__Assignment__
Beginning with the line that contains "This sprig from", retype the entries below exactly, ending with the line that contains "DANNY DENNIS (GITKSAN". Leave out any pictures.

__Provided records__
--

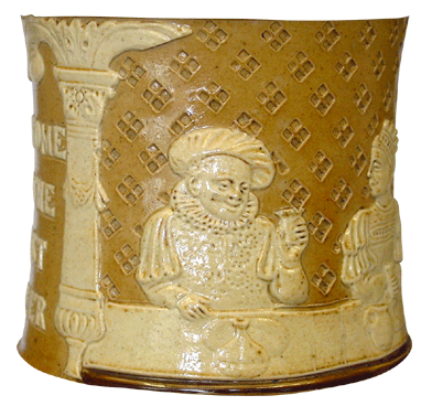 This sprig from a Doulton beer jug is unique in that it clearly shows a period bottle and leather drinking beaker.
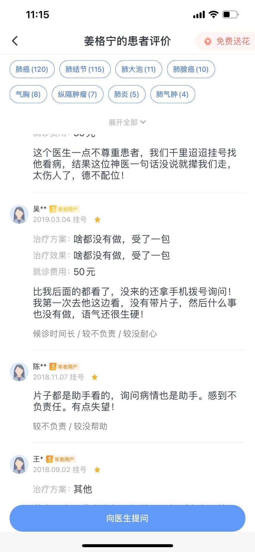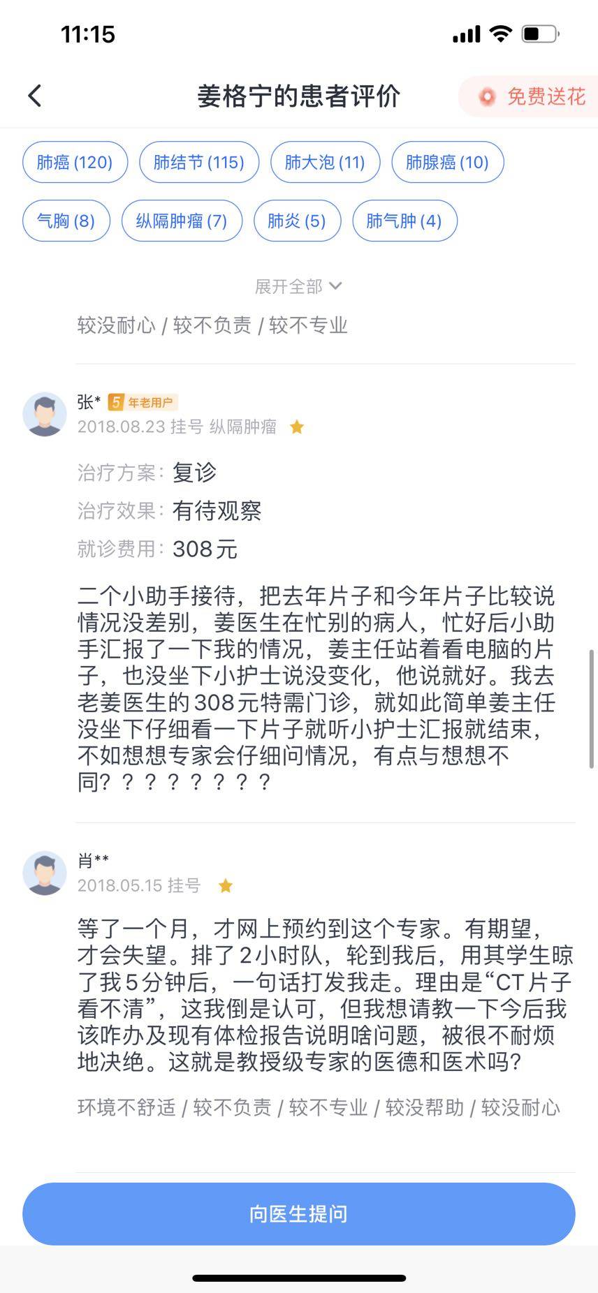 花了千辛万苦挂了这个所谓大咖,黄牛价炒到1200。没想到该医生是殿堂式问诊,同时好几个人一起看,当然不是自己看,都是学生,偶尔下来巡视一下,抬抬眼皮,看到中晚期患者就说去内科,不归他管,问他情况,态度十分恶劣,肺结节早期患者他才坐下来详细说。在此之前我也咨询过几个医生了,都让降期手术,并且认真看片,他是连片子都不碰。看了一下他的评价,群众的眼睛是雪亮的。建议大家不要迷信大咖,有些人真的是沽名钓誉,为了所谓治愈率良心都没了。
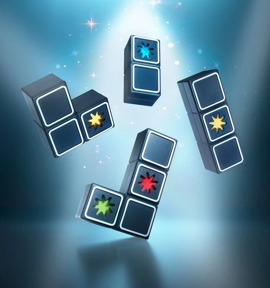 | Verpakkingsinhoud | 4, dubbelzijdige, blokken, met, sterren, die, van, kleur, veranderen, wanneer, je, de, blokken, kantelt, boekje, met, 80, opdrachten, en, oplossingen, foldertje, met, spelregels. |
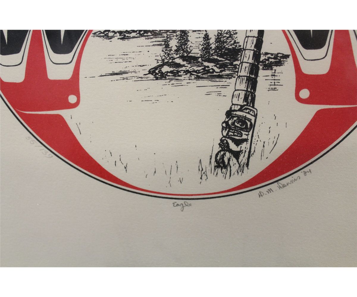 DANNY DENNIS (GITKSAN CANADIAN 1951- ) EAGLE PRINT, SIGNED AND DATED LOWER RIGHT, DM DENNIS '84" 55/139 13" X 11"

--

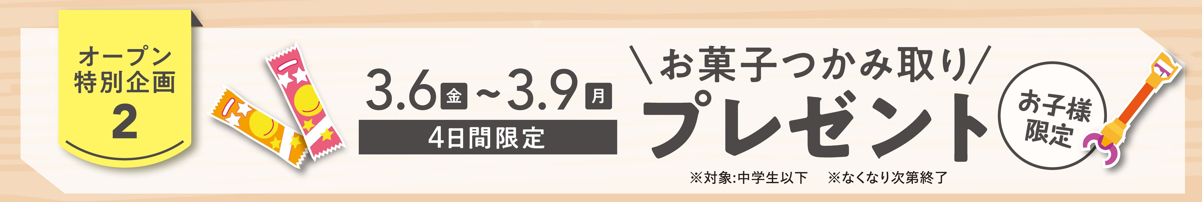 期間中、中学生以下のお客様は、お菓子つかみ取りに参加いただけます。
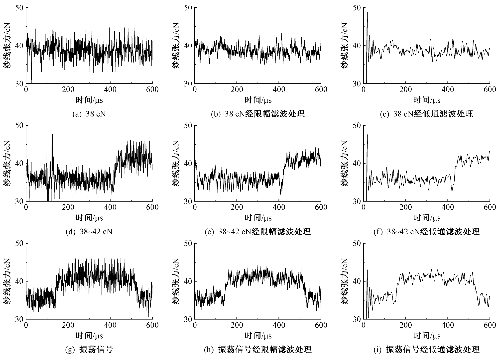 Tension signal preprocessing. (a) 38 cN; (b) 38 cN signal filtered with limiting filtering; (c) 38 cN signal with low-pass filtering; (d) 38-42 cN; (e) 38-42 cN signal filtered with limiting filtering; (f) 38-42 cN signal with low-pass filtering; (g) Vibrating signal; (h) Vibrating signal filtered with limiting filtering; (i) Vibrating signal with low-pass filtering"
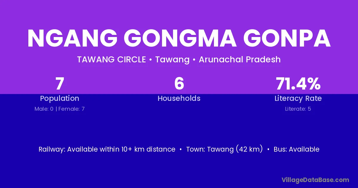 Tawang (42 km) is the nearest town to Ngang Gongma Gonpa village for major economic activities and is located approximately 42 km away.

--

__Problem solution__
 This sprig from a Doulton beer jug is unique in that it clearly shows a period bottle and leather drinking beaker.
 花了千辛万苦挂了这个所谓大咖,黄牛价炒到1200。没想到该医生是殿堂式问诊,同时好几个人一起看,当然不是自己看,都是学生,偶尔下来巡视一下,抬抬眼皮,看到中晚期患者就说去内科,不归他管,问他情况,态度十分恶劣,肺结节早期患者他才坐下来详细说。在此之前我也咨询过几个医生了,都让降期手术,并且认真看片,他是连片子都不碰。看了一下他的评价,群众的眼睛是雪亮的。建议大家不要迷信大咖,有些人真的是沽名钓誉,为了所谓治愈率良心都没了。
 | Verpakkingsinhoud | 4, dubbelzijdige, blokken, met, sterren, die, van, kleur, veranderen, wanneer, je, de, blokken, kantelt, boekje, met, 80, opdrachten, en, oplossingen, foldertje, met, spelregels. |
 DANNY DENNIS (GITKSAN CANADIAN 1951- ) EAGLE PRINT, SIGNED AND DATED LOWER RIGHT, DM DENNIS '84" 55/139 13" X 11"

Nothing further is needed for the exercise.